Example Digital Audio Workstation (DAW) Effects

[0035] In some embodiments, one or more audio effects are applied to the soundscape 104 using the DAW 102 before the soundscape 104 is provided to the patient 106. For example, the audio effects may include equalization (EQ), compression, saturation, peak limiting, reverb, and/or delay. Applying the one or more audio effects to the soundscape 104 may include applying the audio effect to the entire soundscape 104, to one or more particular sounds/frequencies within the soundscape 104, and/or to one or more particular temporal segments of the entire soundscape 104 and/or a particular sound/frequency therein.

[0036] Examples of particular settings of these audio effects that may be applied to the soundscape 104 are illustrated and described in more detail in relation to FIGS. 3-10 below.

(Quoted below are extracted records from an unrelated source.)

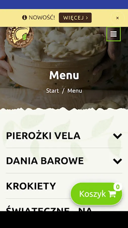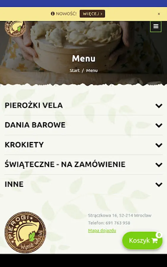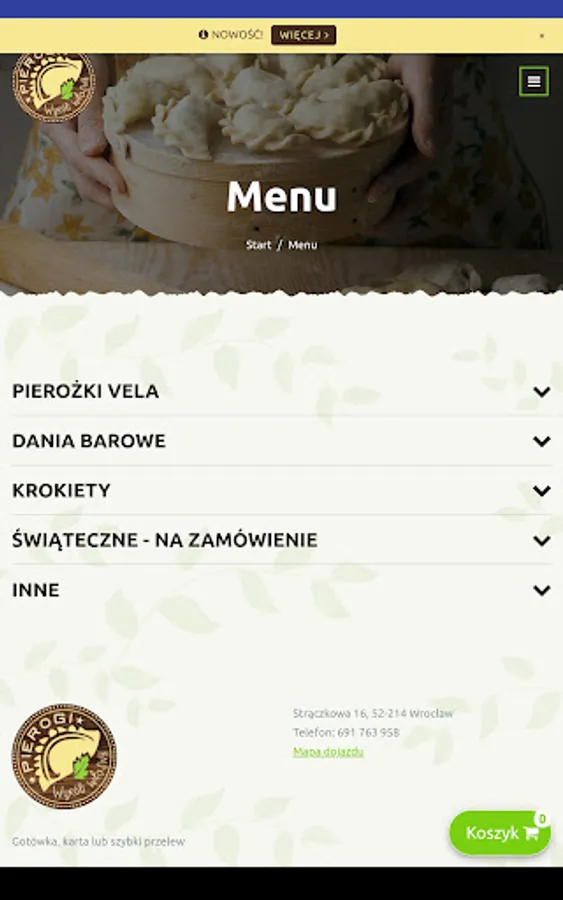 An application for ordering food from the Pierogi Vela restaurant in Wrocław.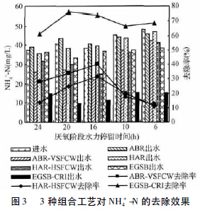 由圖3 可以看出,3種組合工藝對NH4+-N的去除率分別為60.9%~76.1%、12%~42%和11.1%~ 31.9%,EGSB-CRI 對NH4+-N的去除效果最好,ABR-VSFCW 次之,HAR-HSFCW 較差,且好氧段對NH4+-N的去除起主導(dǎo)作用。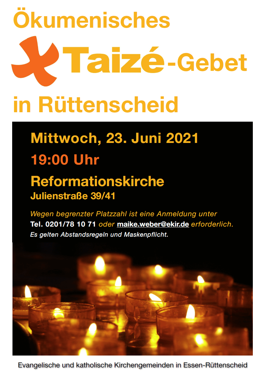 Am Mittwoch, 23.6.2021 um 19.00 Uhr laden wir herzlich ein zum Ökumenischen Taizé-Gebet der evangelischen und katholischen Kirchengemeinden.

The frequencies specified in relation to FIGS. 3-10 below should be understood to include the frequencies themselves as well as frequencies within a JND of the specified frequencies. Furthermore, FIGS. 3-10 are not intended to be limiting; effects may be applied to the soundscape 104 other than those illustrated in FIGS. 3-10. For example, other effects resulting in the same or a generally similar auditory output as the effects illustrated in FIGS. 3-10 may be applied to the soundscape 104, and/or a combination of one or more effects illustrated in FIGS. 3-10 may be applied.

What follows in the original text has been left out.